Try it: Print exactly, and only, the lines from the one containing "菊花紋章 ブラックサードオニキス (チベット産)" through the last line of the records below, both included; leave out the pictures.

Stored entries:
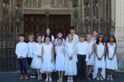 Soline AUBRY, Cléophas BRYON, Julian COLLINET, Léopoldine DELAMOTTE, Anaé DELAS FELICITE, Enéa DELAS FELICITE, Constant GRANCHAM, Hugo LALIGANT, Léna LALIGANT GOMES, Cloé MARCAIRE, Flavie MOREL, Luana PINHEIRO, Lucie REVOY ont fait leur communion le dimanche 22 juin à la basilique Notre-Dame de Gray.
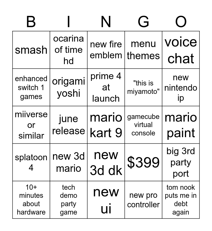 This bingo card has a free space and 24 words: new 3d mario, tech demo party game, prime 4 at launch, 10+ minutes about hardware, voice chat, smash, enhanced switch 1 games, ocarina of time hd, gamecube virtual console, new 3d dk, "this is miyamoto", miiverse or similar, $399, big 3rd party port, origami yoshi, new pro controller, mario paint, new fire emblem, new nintendo ip, june release, tom nook puts me in debt again, splatoon 4, menu themes and new ui.
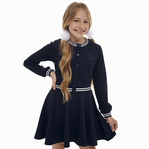 Это платье совмещает в гармоничный тандем строгие требования к школьной одежды со стремлением девочки выглядеть модно и красиво. Оно отличается оригинальным дизайнерским решением. У платья длинные рукава с манжетами, овальный вырез горловины, а также застежка на планке с пуговицами-кнопками. Юбка имеет расклешенный пошив со складками. Линия талии подчеркнута двумя белыми полосами, такими же полосками отведены манжеты рукавов и воротник. На груди имеется декоративный элемент в виде эмблемы. Цвет платья - темно-синий.
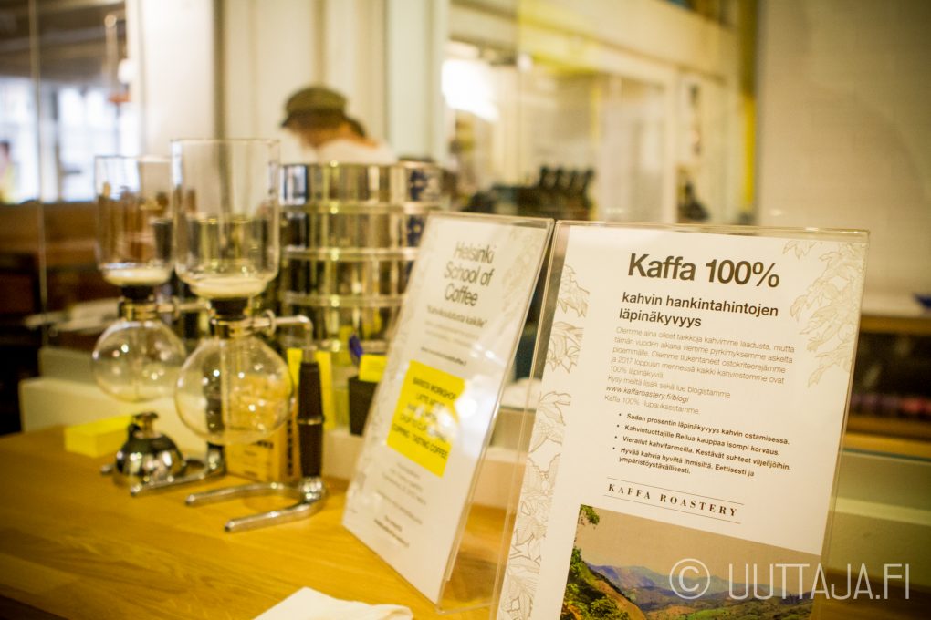 Visiitti Kaffalle oli mahtava. Sain jälleen yhden uuden paahtimokokemuksen, pääsin maistelemaan tuloillaan olevaa erikoistuotetta ja sain asioida hienossa kahvilassa. Täytyy jatkossa hoitaa Helsingin pään asioinnit aina niin, että kulkureittini menee Punavuoren kautta ja aikatauluni niin, että on aikaa ottaa yksi Aeropress-valmisteinen kahvi Kaffan tiskillä.
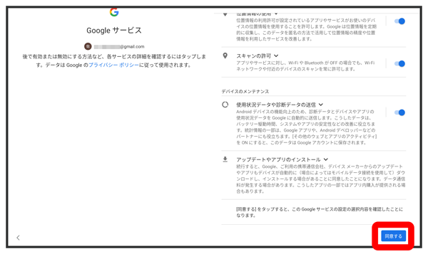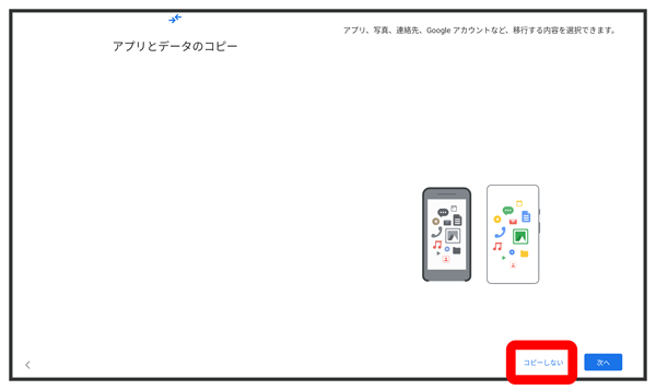 - をタップすると、Google アカウントを設定しているほかの端末からデータをコピーできます。画面の指示に従って操作してください。
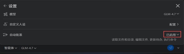 在设置界面,点自动批准右侧的下拉三角
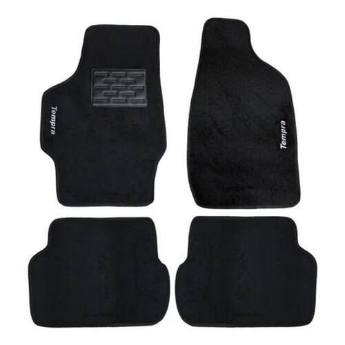 Tapete automotivo Tempra luxo Jogo de tapete linha elithe carpete com espessura de 5mm na cor preta com base antiderrapante em pvc pinado. Bordado com a grafia e nome, lavável. Jogo com 04 peças. O jogo de tapete linha elithe carpete produzido pela Tapecars, possui um design exclusivo e com acabamento perfeito no seu carro, vem com acabamento nas laterais na cor preta, e com grafia bordada em 3D no tapete dianteiros costurado nas duas peças dianteiras para sua maior segurança e melhor fixação do produto. Esse jogo é um produto com excelente qualidade, e o tapete do motorista vem com um pisante em pvc para segurança do motorista, evitando que escorregue. Cor disponível - Preto Especificação técnica do produto - Jogo composto com 04 peças - Base em pvc pinado antiderrapante - Grafia bordada igual ao da montadora - Pisante em pvc no tapete do motorista - Bordado lateral na peças - Tapete lavável e impermeável - Proteção anti-chamas - Encaixe perfeito e sob medida - 03 Meses Importante - Valor do jogo - Não nos responsabilizamos por mau uso do produto Marca: Não Informado
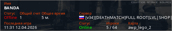 Играет на Counter Strike Source сервере. Страна: РоссияПервый раз замечен 10:29 12.04.2026
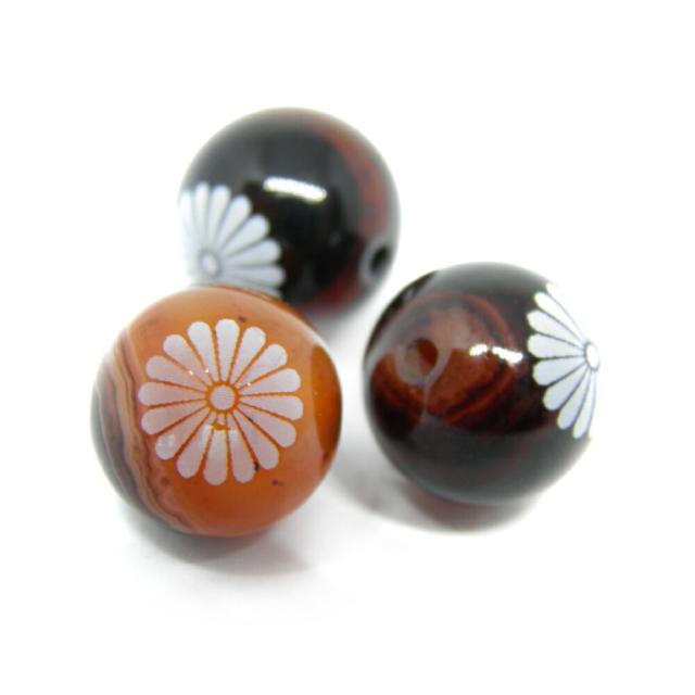菊花紋章 ブラックサードオニキス (チベット産) 10mm 素彫り【レーザー彫刻ビーズ・彫りビーズ 】パワーストーン / インペリアルオーラ
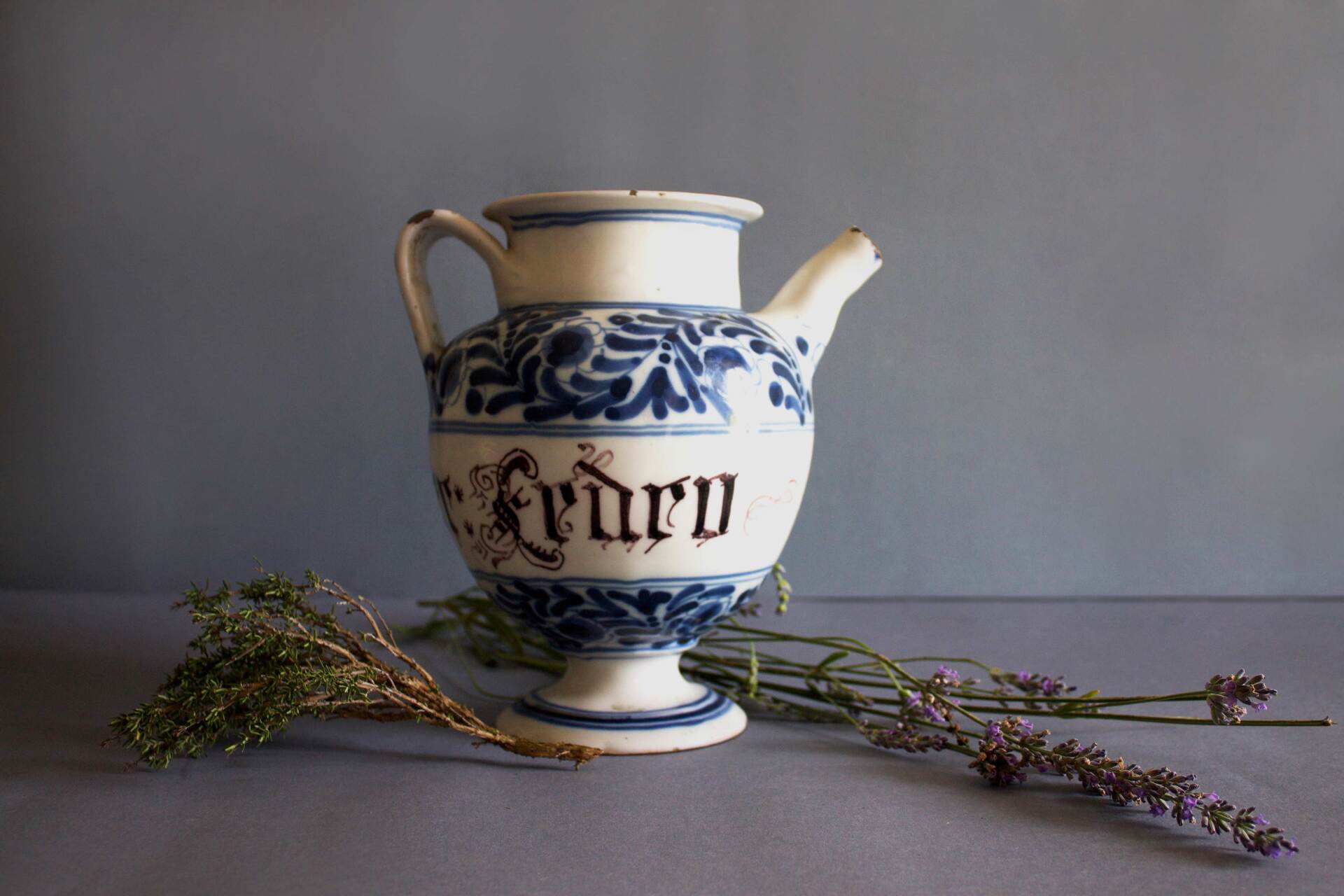 ALBARELLO IN MAIOLICA DECORATO IN MONOCROMIA AL PREZZEMOLO
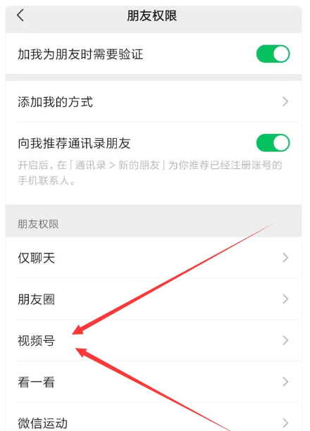 3.進(jìn)入朋友權(quán)限頁面后,點擊【視頻號】。如下圖:
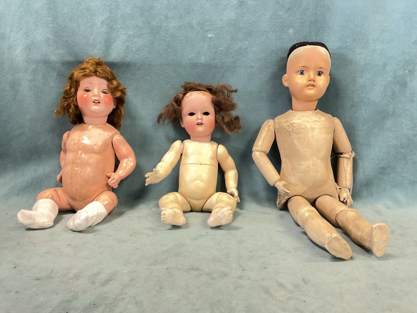 A 20s Schoenau & Hoffmeister Burggrub porcelain head doll with composition body, open mouth, sleep eyes, mohair wig and jointed body; a 20s porcelain head doll with mama box and red W stamp to shoulder; and a 1917 Nunn & Smeed Dolly Dimple with fixed eyes and articulated body. (3)
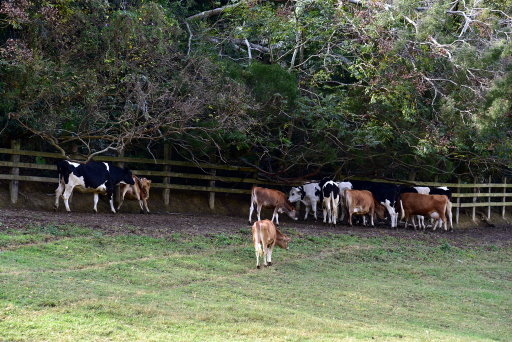飛牛牧場飼養的乳牛有來自荷蘭的荷仕登乳牛,和來自英國娟姍島的娟姍牛(黃色)。
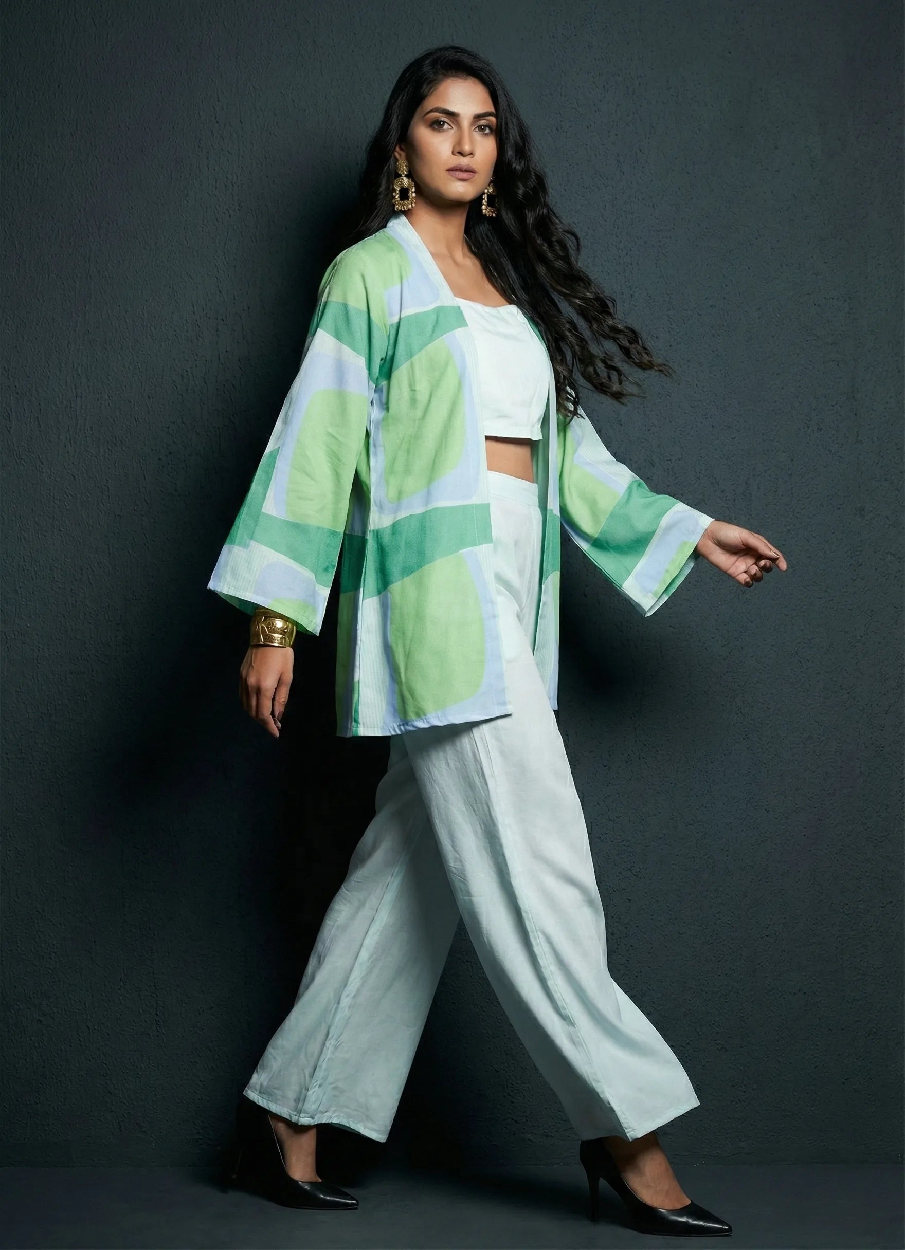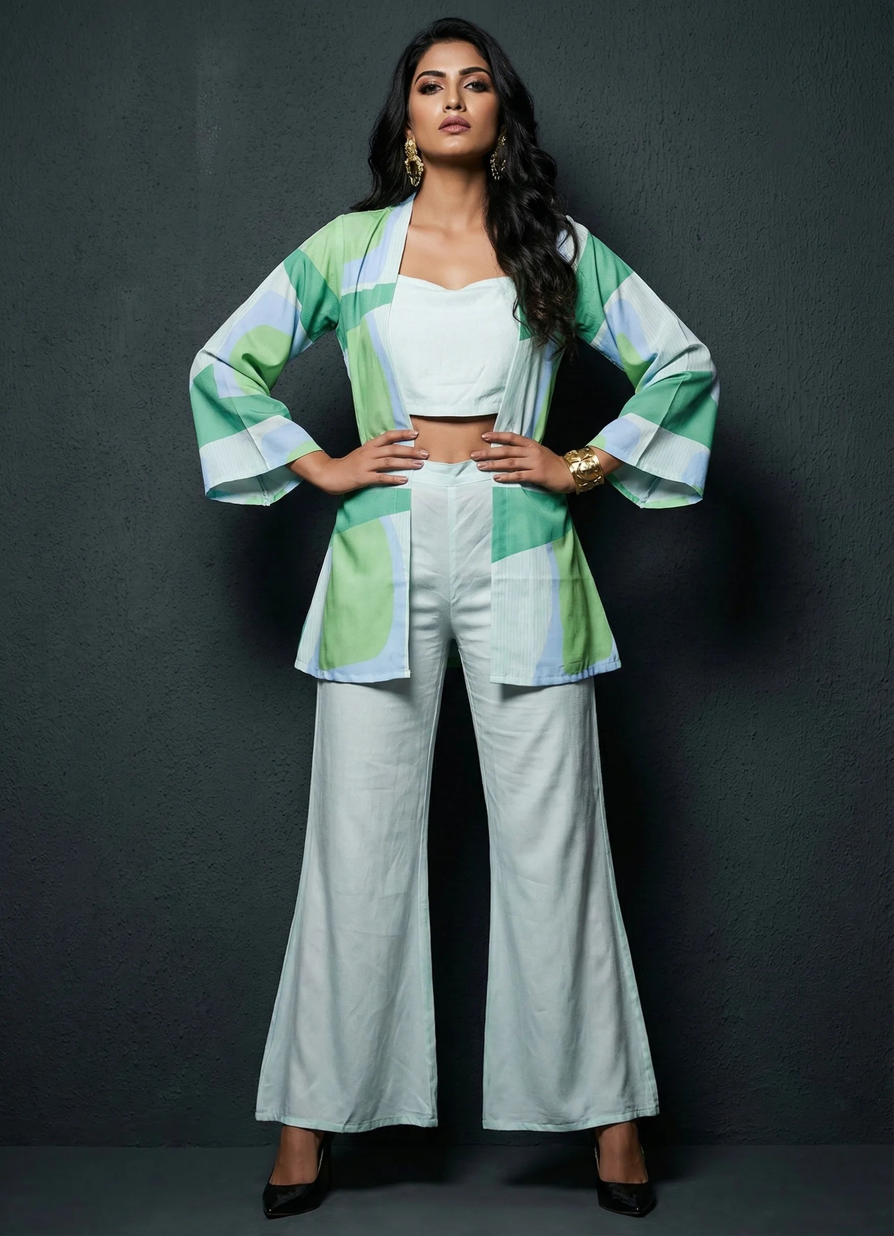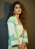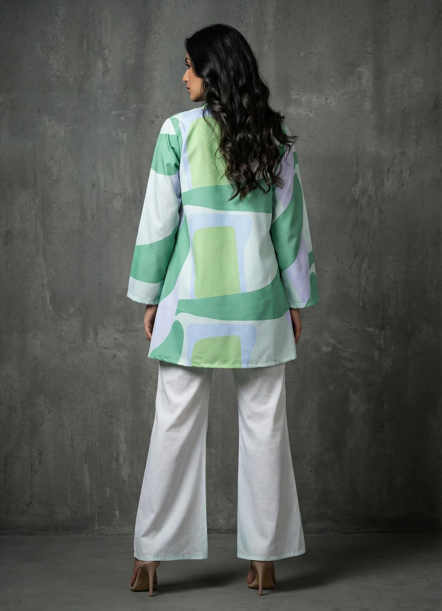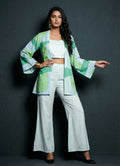 This powder blue co-ord set exudes sophistication, making it perfect for both office and occasional wear. The below-knee jacket features full sleeves and a striking abstract print, while the plain inner with a square neck offers a clean, balanced look.

Task answer:
菊花紋章 ブラックサードオニキス (チベット産) 10mm 素彫り【レーザー彫刻ビーズ・彫りビーズ 】パワーストーン / インペリアルオーラ
 ALBARELLO IN MAIOLICA DECORATO IN MONOCROMIA AL PREZZEMOLO
 3.進(jìn)入朋友權(quán)限頁面后,點擊【視頻號】。如下圖:
 A 20s Schoenau & Hoffmeister Burggrub porcelain head doll with composition body, open mouth, sleep eyes, mohair wig and jointed body; a 20s porcelain head doll with mama box and red W stamp to shoulder; and a 1917 Nunn & Smeed Dolly Dimple with fixed eyes and articulated body. (3)
飛牛牧場飼養的乳牛有來自荷蘭的荷仕登乳牛,和來自英國娟姍島的娟姍牛(黃色)。
 This powder blue co-ord set exudes sophistication, making it perfect for both office and occasional wear. The below-knee jacket features full sleeves and a striking abstract print, while the plain inner with a square neck offers a clean, balanced look.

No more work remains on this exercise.